5 Concluding Remarks

The analysis contains a limited number of reflections on the viability of benefit corporations which affect core concepts of company law. Benefit corporations are at the cross-roads of two fundamental issues: the catalogue of available company forms and freedom of contract. As we have seen, the traditional understanding of the problem refers to the contractual side of benefit corporations. However, one may also place them within the debate regarding the renewal of available company forms. This process usually requires legislative action, even if this action is merely symbolic and only intends to clarify doubts as to the admissibility of a new company form. Conversely, at times, the creation of new forms relies entirely on contractual freedom, namely, when it comes to adjusting an existing form or model.

The renewal of available company forms is not a goal in itself, but rather seeks to provide adequate solutions to actual business demands and new market circumstances. As the analysis has shown, within this process, it may also foster a more ambitious goal: allowing for entrepreneurial activity to be undertaken in a way that renders transparency, social concerns, and sustainability compatible with the pursuance of distributable profits. As a result, the uprising of corporate social responsibility shall include the perspective benefit corporations. However, the regulatory trend of enacting them is asymmetric. While few jurisdictions have not addressed the issue yet, others confront serious obstacles to regulate them.

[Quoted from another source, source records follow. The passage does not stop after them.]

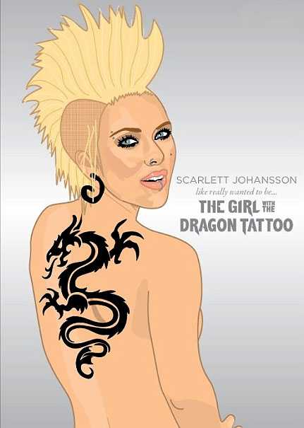Эскиз Scarlett Johansson с татуировкой дракона на спине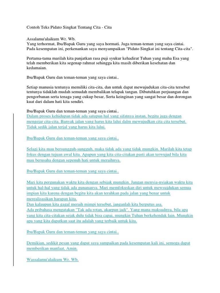 Contoh Teks Pidato Singkat Tentang Cita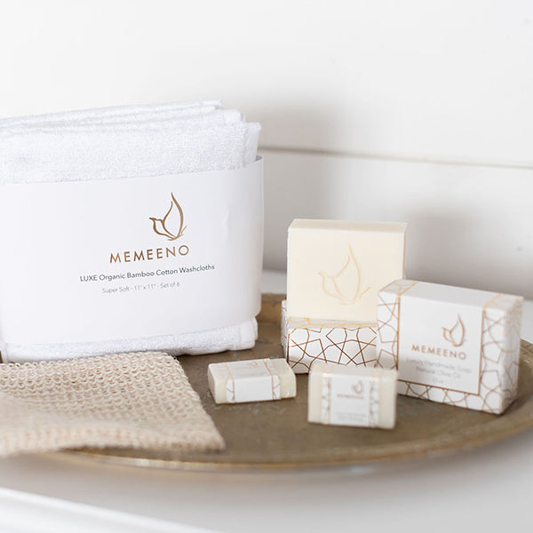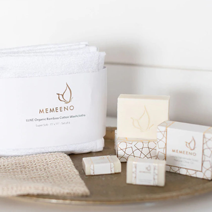 Enjoy the luxury of spa life right in your own home with carefully curated bath items that the whole family can indulge. Handmade and fragrance-free all-natural olive oil soap, baby massage oil, organic bamboo washcloths, sisal cotton soap pouch to save your soap or use as a washcloth with an added exfoliator.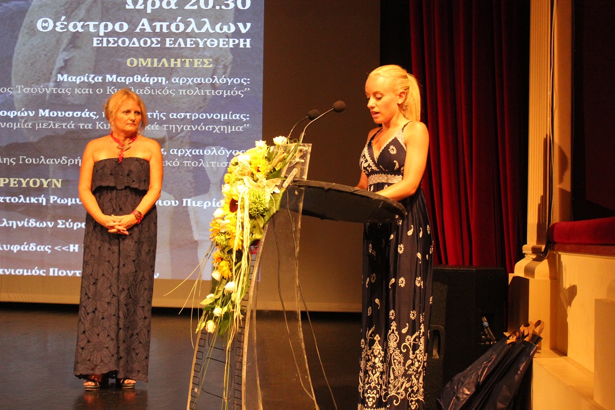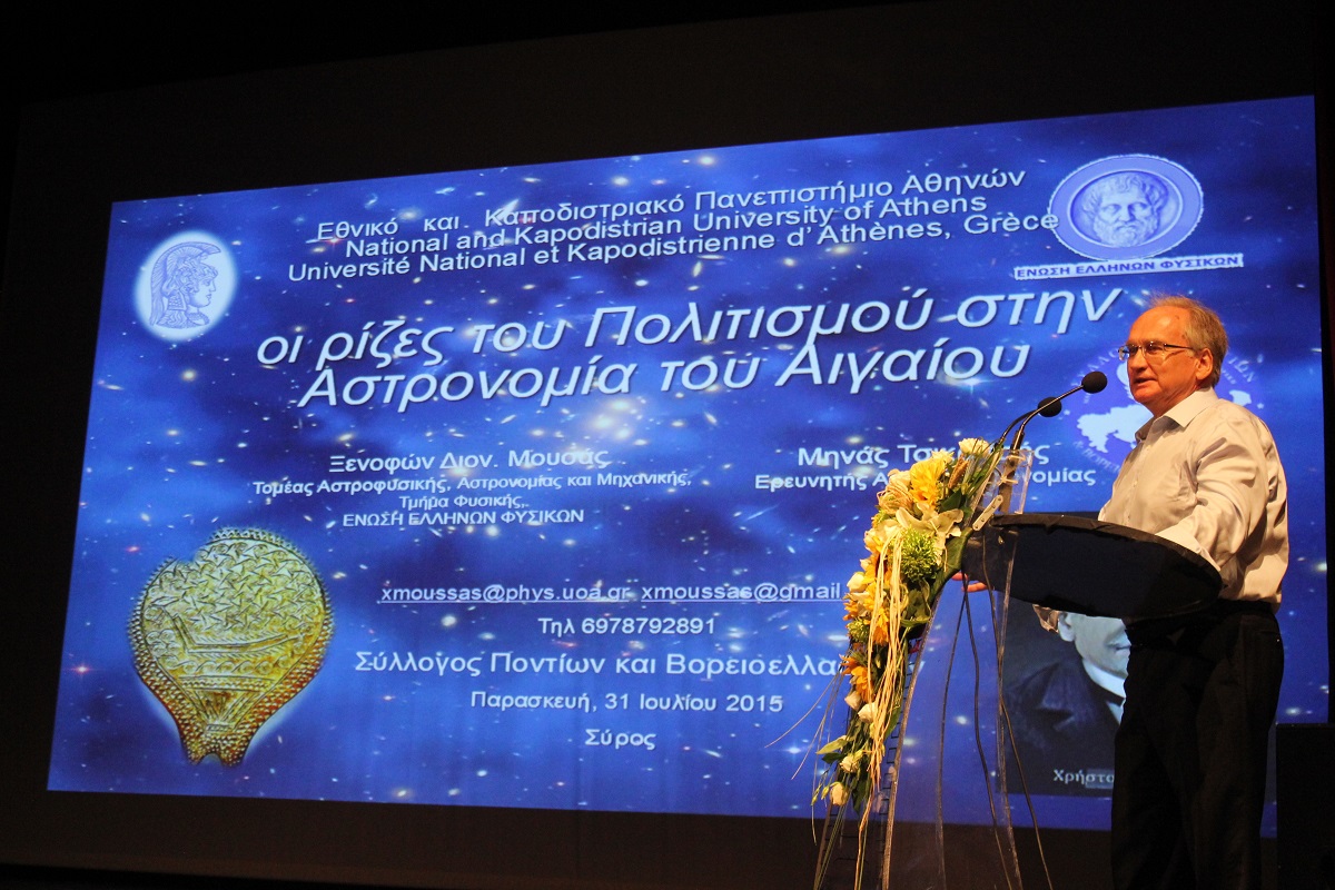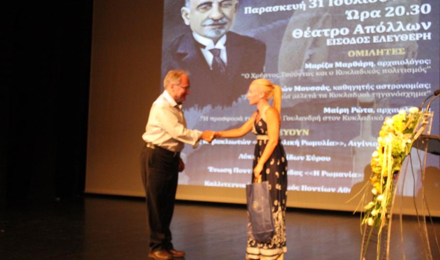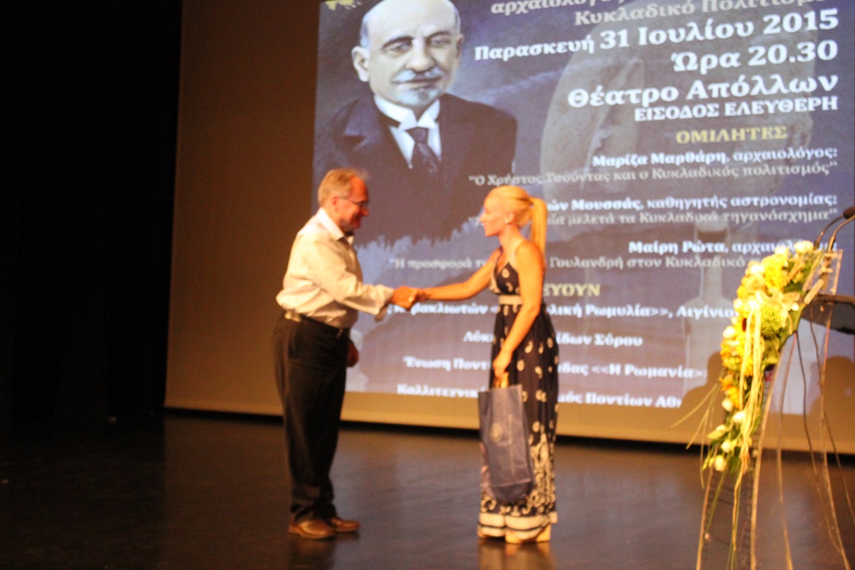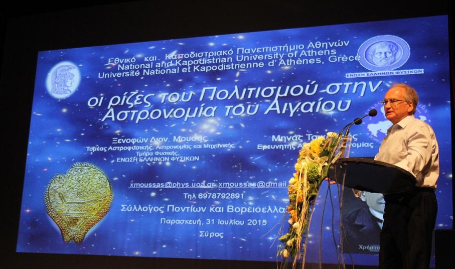 Στη συνέχεια, το λόγο πήρε ο καθηγητής αστρονομίας κ. Ξενοφών Μουσάς ο οποίος ανέπτυξε το θέμα «Η αστρονομία μελετά το Κυκλαδικό Τηγανόσχημα».

The latter include those countries where profit qualifies as an essential element of the company. By assessing them throughout this chapter, we have argued in favour of their viability within this type of legal systems. The answer is, of course, the result of multiple factors affecting contemporary company law. This branch of the law is a heterogeneous arena where, as the Spanish example has shown, profit, as an essential element of the company, must be reconciled with other in force provisions.

Beyond more traditional arguments, it is arguable that a company, as any other kind of contract, even those lacking an organisational nature, may present a pluralistic or hybrid cause. This shall be the case whenever the founders aim at blending the pursuance of profit with other interests of a more general nature. The articles of association will play a significant role to describe such a hybrid cause. We believe this result is possible under Spanish company law although founders may confront difficulties when drafting the articles of association.

Finally, benefit corporations are only one example reflecting radical changes within the social and political organisation of states, which go all the way back from the Codification to our days. Throughout the 20th century, the state had the power to channel profitable purposes through commercial companies, while displacing other non-profitable goals to the scope of non-profit entities. Today, the situation is different because of multiple factors well beyond benefit corporations.Footnote 28

It is true, indeed, that benefit corporations transcend such a narrow framework. In line with other corporate social responsibility phenomena, they serve the purpose of channeling non-profitable interests through company law mechanisms. It is debatable whether such an option shall be granted to business actors by means of a legislative reform, but the number of jurisdictions that have taken this approach is increasing. The implications of such a policy strategy with regard to legal certainty are outside the scope of this paper. Our results focus on jurisdictions presenting a “regulatory vacuum” vis-à-vis benefit corporations.